An ITV satellite dish sits on top of the broadcaster's building in London
An ITV satellite dish sits on top of the broadcaster's building, in London August 6, 2009.

ITV, who announced ad revenues up 18 pct yesterday, are moving towards pay-TV according to new chief executive Adam Crozier - who is following News Corp in erecting a pay-wall over how its users interact with its online services.

"Micro-payments", a system developed by Murdoch's News Corp sees people paying for their online content according to what they see as 'fair' - after all, they do invest a lot of money in it, eg. Coronation Street / X-Factor could be charged £1 to watch it online whilst the regular scheduled programme would remain free to those who watch on TV.

However whether it succeeds remains to be seen.

Crozier meanwhile 'laughed off' suggestions that the channel was moving towards 'freemium' as a means of fighting off bidding wars for its X-Factor series that generates viewers in their millions and is its advertising ''jewel in the crown" for ITV.

"The internet advertising business has gone from zero to £3 billion a year. The pay-TV business has gone to £6 billion. We have a zero per cent share of that market and clearly that is not a good place to be." said Crozier defensively at the companies results presentation as he outlined a new five year strategy.

Crozier, faces a huge task on his hands.

Whilst Simon Cowell reportedly demanded more money for 'his baby' the X Factor to continue this year, the channel generated less and less - online revenue goals of £150m were downgraded to just £12m over the last year.

The BBC on the other hand has a licence fee that it relies on to provide everything for free - a repeat of Apprentice for example can be watched online or downloaded to a PC as long as its done within a week of the show on TV - whilst license fees are not required to watch it, leaving ITV somewhere in the middle.

Meanwhile, fresh programming on shoestring budgets has long been a pastime of the BBC with shows such as 'Last Choir Standing' and 'Strictly Come Dancing' remaining popular despite 'X-factor' and 'Dancing on Ice' gaining in recent years.


The resulting competition for audiences has led to a broad divide in telecoms/media providers with Virgin Media and Sky standing on one side with the BBC, Channel 4, Five and BT/Talktalk standing on the other - a bit with ITV somewhere in the middle.

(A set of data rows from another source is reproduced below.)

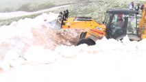 -Karla kapanan yolların iş makinaları ile açılması çalışmalarından görüntü
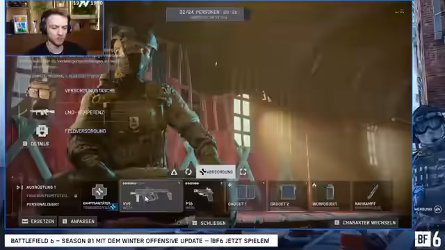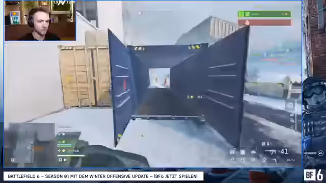 04:14:50Der Streamer spielt Battlefield 6 und kommentiert sein Aim, das er als 'krass' bezeichnet. Er lobt das Audio-Design des Spiels, das einen Award für bestes Audio erhalten hat, und diskutiert mit dem Chat über deren Aktivität in Battlefield. Er erinnert sich an sein erstes Battlefield (Bad Company 2) und erwähnt ein Handy-Battlefield-Spiel, an das er sich vage erinnert. Das Winter-Offensive-Update wird vorgestellt: In neuen Modi wie Gauntlet und Kälte/Sterben kann man nur bei Feuerstellen heilen, was die Strategie verändert. Waffen wie P90, MP7 und M4 werden verglichen, wobei das Visier der P90 besonders gelobt wird. Das Event wird als kleines, aber willkommenes Update beschrieben, da Season 2 noch aussteht.
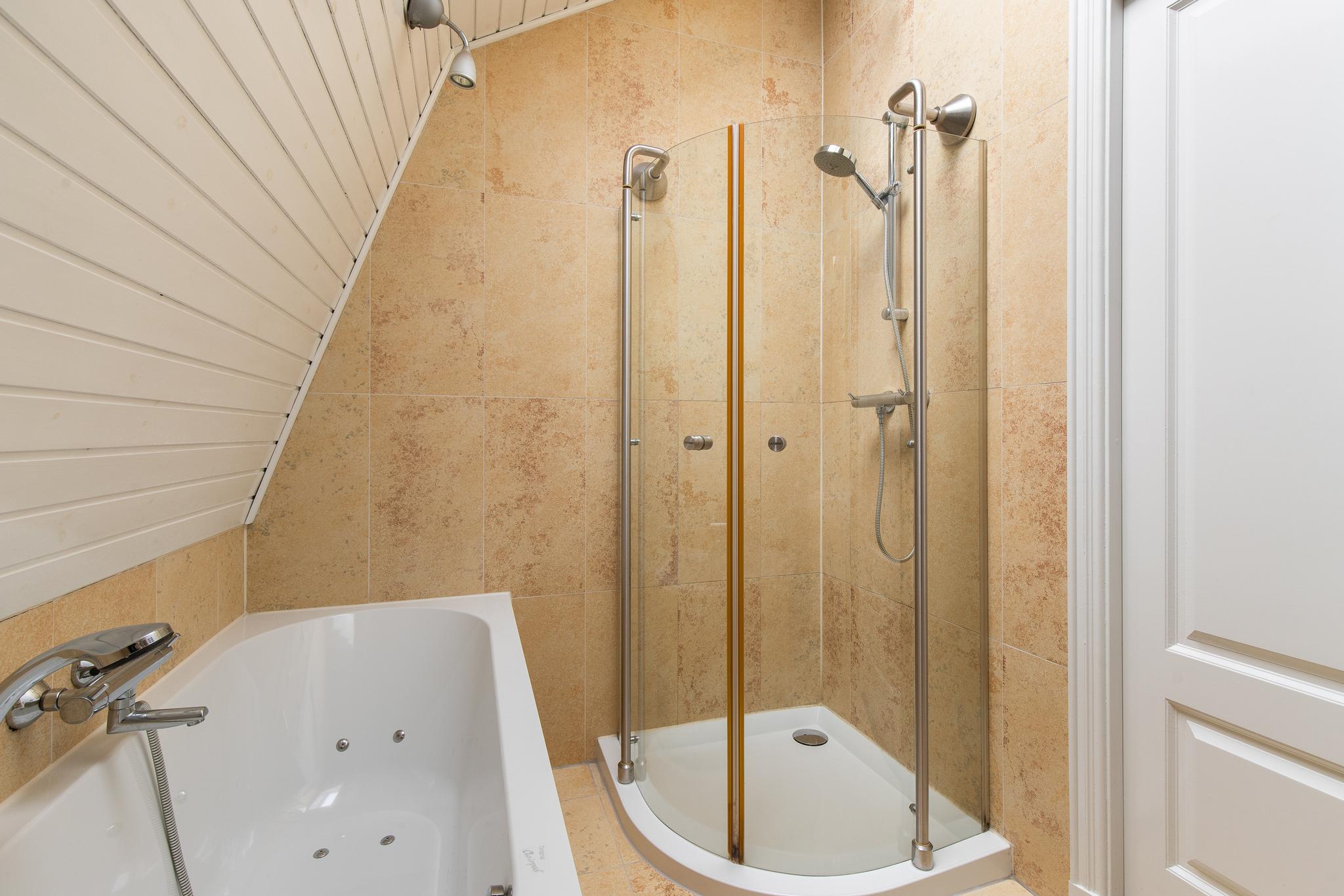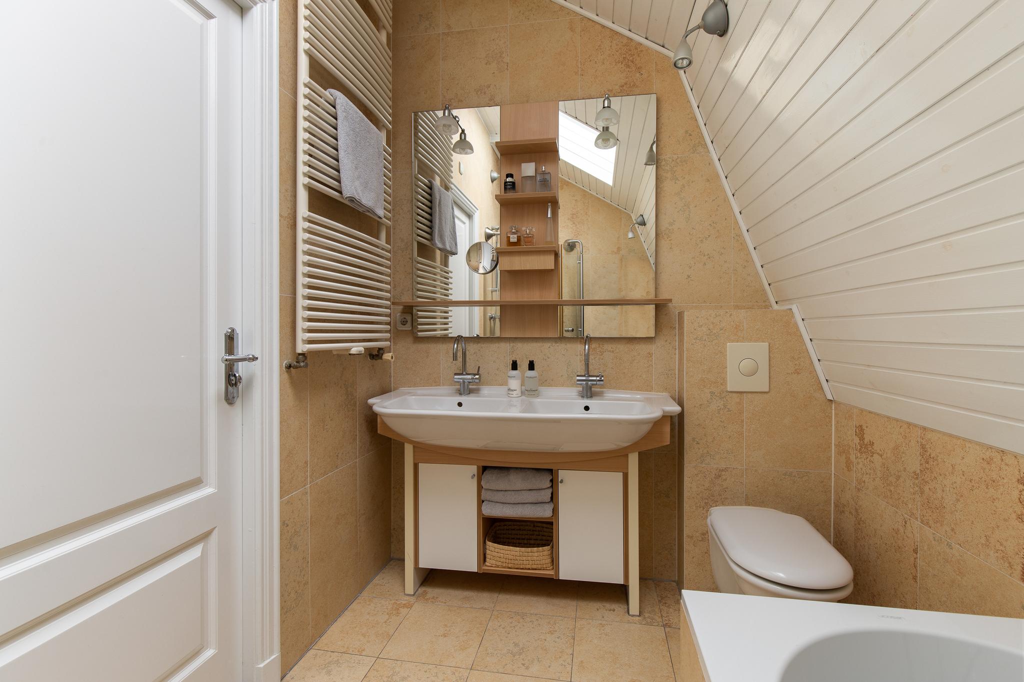 The two bedrooms with fitted wardrobes and skylights are located on the fourth floor. The spacious bathroom has a shower, double sink and bathtub.
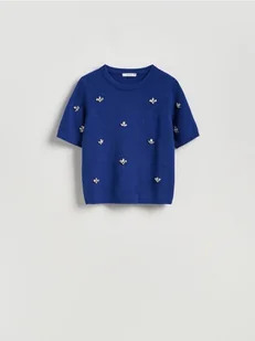 Reserved - Sweter z błyszczącą aplikacją - niebieski
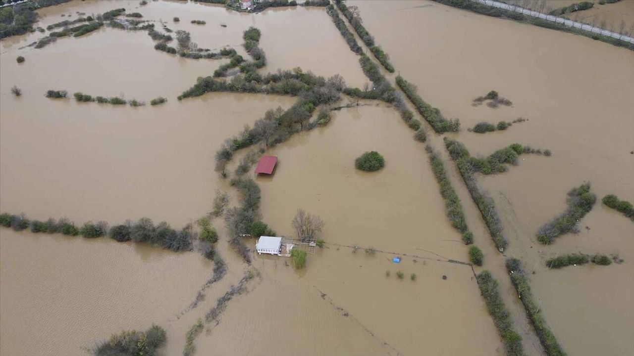Bölgedeki su altında kalan tarım arazileri dronla kaydedildi.
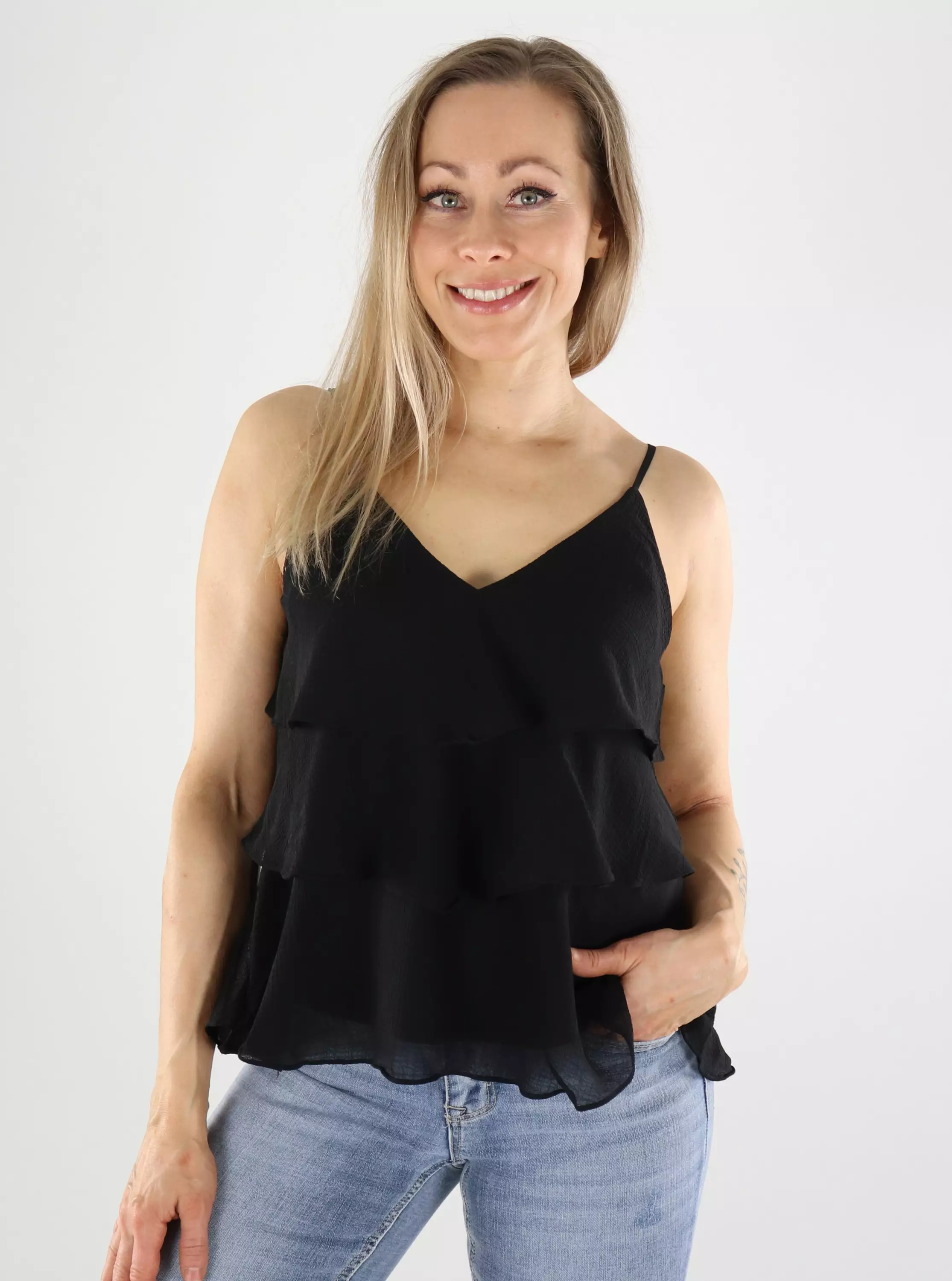 A beautiful and elegant choice for everyday life or a party! This ONLY top charms with feminine frill details and a flattering V-neckline.
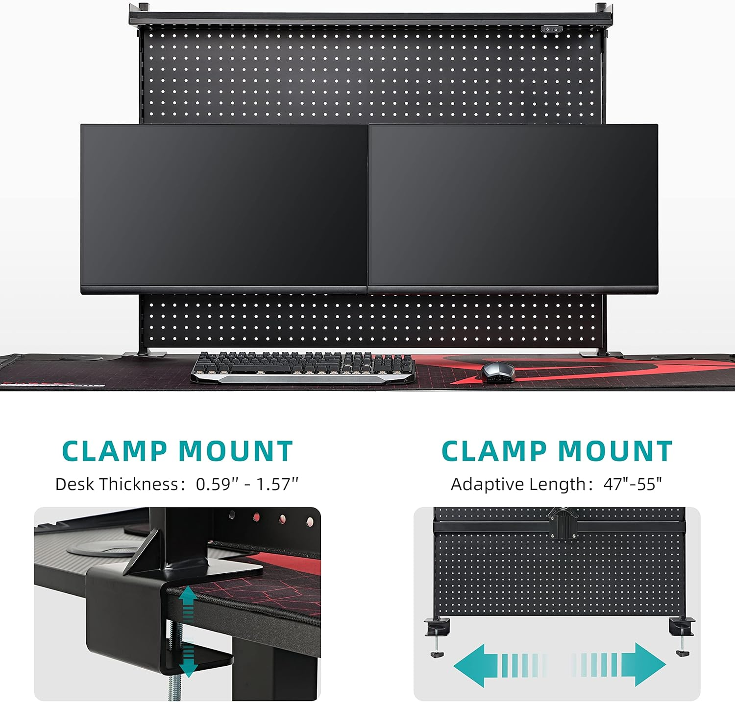 - Clamp-on Pegboard -Expand your workspace without drilling into your desk with the innovative clamp-on pegboards. Bring the functionality of a pegboard to your workstation without the hassle of wall mounting. The desk pegboard is suitable for most computer desks, gaming desks, standing desks, adjustable desks, and other desks made of hard materials (except fragile materials such as glass). Optimum desk thickness is 0.59″-1.57″ and maximum thickness is 1.77″.

Virgin Media want to offer premium services such as Sky Sports HD down its broadband whilst 'Canvas' on the other hand wants to offer regular channels such as BBC iplayer content through BT and Talktalk's internet network. By moving across towards pay-TV however ITV has crossed a divide, and it remains to be seen how much of their content will be available freely for Canvas after today.

The move as you can imagine was welcomed by the City who like the idea of generating revenue through its popular shows on top of ad revenue and Crozier's plan to generate less than half from 'on the spot advertising' - currently 74 pct.

"Management sets out five-year transformation plan. New CEO Adam Crozier has identified that ITV has suffered from 'organisational ineffectiveness' and has missed opportunities by focusing on free-to-air advertising to the exclusion of pay-TV and the Internet. The incremental investment announced (£75m of net investment to be spent over three years on an 'ideas led' basis, and the reinvestment of most of the FIFA world cup 'savings') is modest relative to management ambitions to reduce ITV's exposure to spot advertising to 50% in 2015 (74% currently). It seems the strategy is more about improving internal practices and spending smarter than it is about spending more." said analysts for the Royal Bank of Scotland.

"We forecast 8p of earnings in 2015, the final year of management's strategic plan - the same 'peak earnings' as ITV achieved in 2005." they added.

Project Canvas meanwhile remains under fierce competition from Virgin Media who say the combination of three major broadcasters and two largest internet service providers will leave pricing competition in tatters as only 'one solution for all' may be available.

"Canvas will significantly and irreparably harm the TV sector as customers lose out on the greater quality and choice that a competitive and open market creates." they said to regulator Ofcom.


The battle for consumers continues should Project Canvas succeed as the companies premium subscribers remain attached to its HD.

The media organisation provides its Sky channels in HD through its satelite network for a price that users cannot find elsewhere.

The cost of subscribing to HD, should Sky succeed will see a much bigger revenue model for the company which has struggled in recent years due to high rates of churn - users opting to move for a cheaper alternative.

The battle has been taken a step further as BT also offer the channels through its network at a price that undercuts Sky.

The resulting battle will also be decided by Ofcom who are looking into a number of investigations including Sky Movies subscription TV price-fixing and Project Canvas' future with/without Virgin Media.

Shares in broadcaster ITV and telecoms group Virgin Media and BT all fell meanwhile as the FTSE becoming subject to 'profit-taking' on overpriced share values.

BSkyB was the only to grow, up to 714p as speculation of an 800p takeover by News Corp continues.